We obtain a complete representation vector for as given word \( w_{i} \) by concatenating the forward hidden state hit and backward hidden state \( h_{i} \). In this way, \( h_{i} \) can summarizes the information of the whole Wi-Fi sentence centered around \( w_{i} \).

$$ h_{i} = \left[ {\overrightarrow {{h_{i} }} , \overleftarrow {{h_{i} }} } \right] $$
(4)

3.2 Wi-Fi Attention

Not all Wi-Fi words have equivalent effect on the representation of the Wi-Fi sentence. Therefore, we introduce attention mechanisms to extract Wi-Fi words which are important to the representation of the Wi-Fi sentence, and summarize the representation of those Wi-Fi words according to its significance to form a Wi-Fi sentence vector.

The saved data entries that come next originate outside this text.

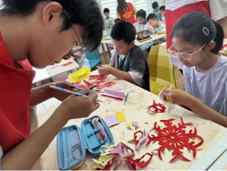 课堂上,志愿者们巧妙地将红色教育与非遗传承自然融合。当有孩子好奇地问及“建党是什么”时,志愿者以剪纸五角星作比:“就像五颗星紧紧相连,百年前的先辈们团结奋斗,才换来今天的幸福生活。”生动的比喻让孩子们更易理解红色历史,也让剪纸艺术在传承文化的同时,赋予了更深刻的思想内涵。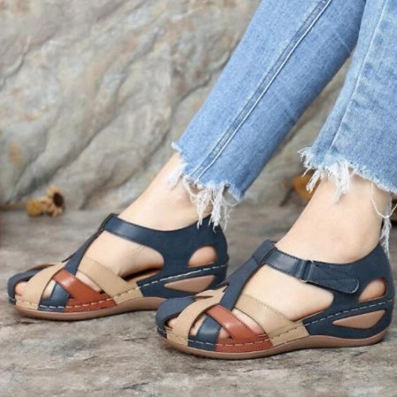 Highlights [Fabric and Materials] : These women's wedge sandals are crafted from a blend of PU leather and faux leather, providing a fashionable and durable option for summer footwear. The materials offer a comfortable feel for all-day wear, while maintaining a sleek appearance. [Shape and Style] : Designed with a classic and casual wedge heel, these sandals feature a round toe and closed-toe construction. The cross-strap design not only adds aesthetic appeal but also ensures a secure and supportive fit. The moderate heel height of 1-2 inches ensures easy walking and all-day comfort. [Design Highlights] : The sandals boast a modern color block pattern that catches the eye. The adjustable buckle strap allows for a personalized fit, ensuring comfort no matter the occasion. The outsole is made of rubber, offering reliable traction and stability. [Occasions] : Perfect for a variety of settings, these sandals are ideal for daily wear, outdoor activities, beach outings, office days, and casual walks. Their versatile style and vibrant color options make them a suitable choice for any summer event. [Size Range] : These sandals are available in a wide range of sizes, accommodating from size 35 to 43. This extensive size range ensures a comfortable and tailored fit for different foot sizes, making them a great option for finding the perfect walking companion. Perfect for everyday use. premium materials and excellent craftsmanship ensure long-lasting durability.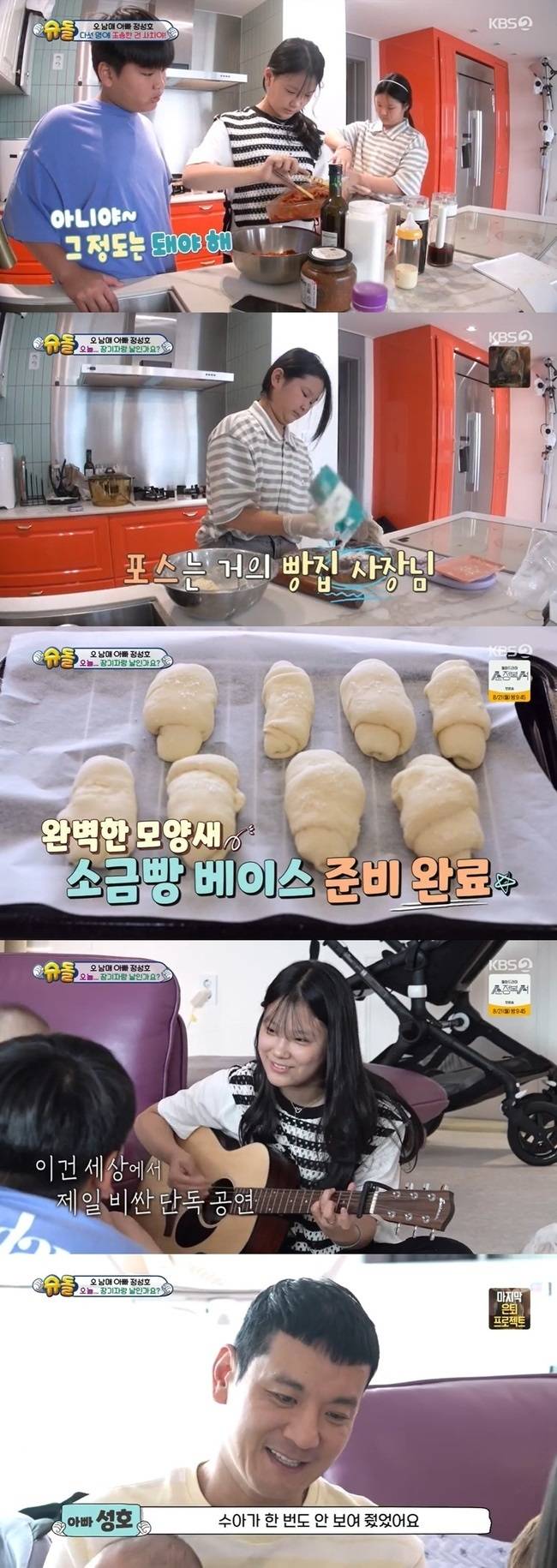 한편 수아는 독학으로 익힌 기타를 연주하며 '폰서트'를 불렀다. 정성호는 "수아가 한 번도 안 보여줬다. 생일 선물로 기타를 사줬는데 학원을 안 다니겠다고 하더라. 근데 코드가 손에 다 잡힌다"며 흐뭇함을 드러냈다.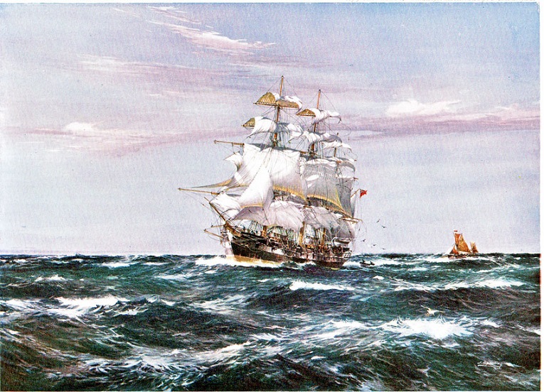 MALBOROUGH, 1,402 registered tons, length 175ft 5in, beam 41ft 5in, depth 29ft 1in.Costructed of wood at T.W. Smith's Tyne yard for T.W. Smith's shipping service to India. An early Blackwall frigate. She was built in 1846, for easy conversion to a fifty guns naval frigate with scantlings pierced for gun ports. The Blackwall frigates built by Smith, Green (Blackwall Line) and Wigram were 500 tons larger than the London passenger ships of their day. MALBOROUGH entered the Indian trade carrying passengers and troops to Calcutta and Madras. In1854, she made one voyage to Australia because of the press of passengers in the Gold Rush. She carried 325 passengers and reached Melbourne in 78 days from the Lizard. Her return journey via Cape Horn was also a creditable 83 days. In 1869. she was withdrawn from service and converted to a coal hulk at Gibraltar. The design stamp is made after painting of Jack Spurling.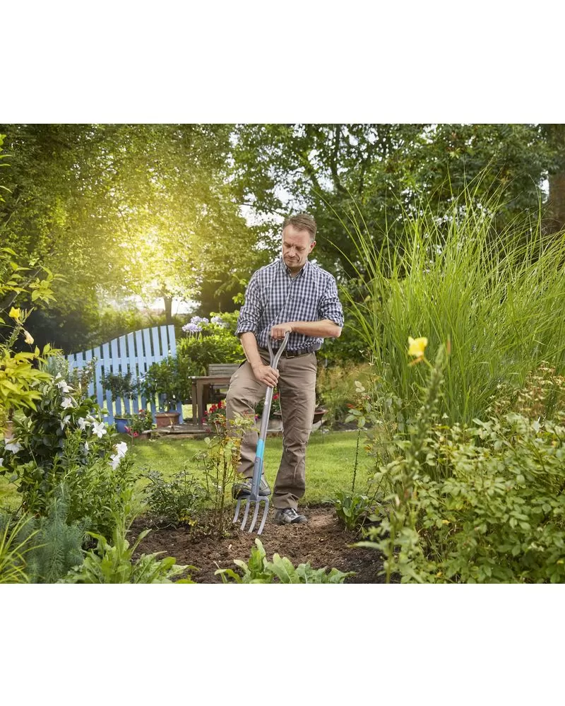 • GARDENA rycí vidle NatureLine je pevné nářadí pro rytí bez poškození kořenů a pro kopání a kypření půdy především na záhoncích s rostlinami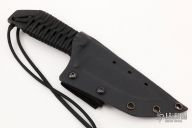 The Dub by Mick Strider features a black blade with false top edge, .213" Blade Stock and 1.586" Blade Depth, full tang construction with black paracord. Comes with kydex sheath. Excellent condition.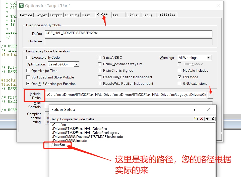 这里为了方便维护,将printf重新定向做了一个.c文件和.h头文件。 并命名为uart_printf.c和uart_printf.h. 保存在UserSrc的文件夹中。打开选项卡, 对刚做的头文件路径进行添加。(否则即使在代码中添加了#include“uart_printf.h”也会找不到, 头文件必须添加搜索路径。)

$$ u_{i} = { \tanh }\left( {W_{w} h_{i} + b_{w} } \right) $$
(5)
$$ \alpha_{i} = \frac{{{ \exp }\left( {u_{i}^{T} u_{w} } \right)}}{{\mathop \sum \nolimits_{i} { \exp }\left( {u_{i}^{T} u_{w} } \right)}} $$
(6)
$$ {\text{s}} = \mathop \sum \nolimits_{i} \alpha_{i} h_{i} $$
(7)

At first, we use a single-layer MLP to get the \( u_{i} \) as a hidden representation of \( h_{i} \). Then, we calculate the importance of this Wi-Fi words as the similarity between \( u_{i} \) and \( u_{w} \) which is a context vector and get a normalized weight vector \( \alpha_{i} \) through a softmax function. Finally, we calculate the Wi-Fi sentence representation vector \( {\text{s}} \) as a weighted sum of Wi-Fi words. The context vector \( u_{w} \) is the high-level representation of the Wi-Fi sentence, which is randomly initialized and learned together during training process.

3.3 Wi-Fi Classification

The Wi-Fi sentence representation vector \( {\text{s}} \) is a high-level representation of this Wi-Fi sequence and can be used as features for the Wi-Fi classification:

$$ {\text{p}} = {\text{softmax}}\left( {W_{s} {\text{s }} + b_{s} } \right) $$
(8)

Then, we choose then max p as the classification result of this Wi-Fi sequence.

4 Experiments

4.1 Dataset

We evaluate the effectiveness of our Wi-Fi Attention Network model on the public dataset of BDCI 2017 Task 1, to accurately locate the user’s store in the mall [10]. This dataset has 1.1 million training sample and 48.4 thousand test sample, the target of this competition is to locate the user’s current store accurately. The dataset including three kind of information. The first information is the user information, including user id and its historical consumption record. The second information is the shop information, such as average consumption price of this shop. The last information is the consumption information, including Wi-Fi sequence information, longitude and latitude information. In order to evaluate the effectiveness of our Wi-Fi Attention Network model, we only use the Wi-Fi sequence information. This Wi-Fi sequence information is Wi-Fi list consist of several AP information, for each AP, it has three items: id, signal and flag. Among them, id is the unique identifier of APs, it can distinguish between different APs. Signal is the RSS of APs, which vary from −104 to 0, 0 represent the max value of AP’s RSS. Flag indicates whether this AP is connected by the device. We use 80% of the dataset for training, 10% for validation and the remaining 10% for test.

4.2 Preprocessing

We split Wi-Fi sequence into Wi-Fi words as shown in Fig. 3. The original Wi-Fi sequence has ten AP information, each AP information has three parts: id, signal and flag. In order to achieve good effect, we sort each AP information in descending order according to the RSS value. Then we can get the preprocessed Wi-Fi sequence.

Fig. 3.
figure 3

The preprocessing of Wi-Fi sequence

4.3 Evaluation

We train our Wi-Fi Attention Network on the preprocessed dataset and compare it with other models. The hyper parameters as shown in Table 1, which are tuned on the validation dataset. In our model, we set the LSTM dimension to be 100, in this situation, the bidirectional LSTM produce a 200 dimensions vector. And we set the Wi-Fi word embedding dimension to be 100. For training, we use RMSProp optimizer, batch size of 128, training epochs of 20 and learning rate of 0.001.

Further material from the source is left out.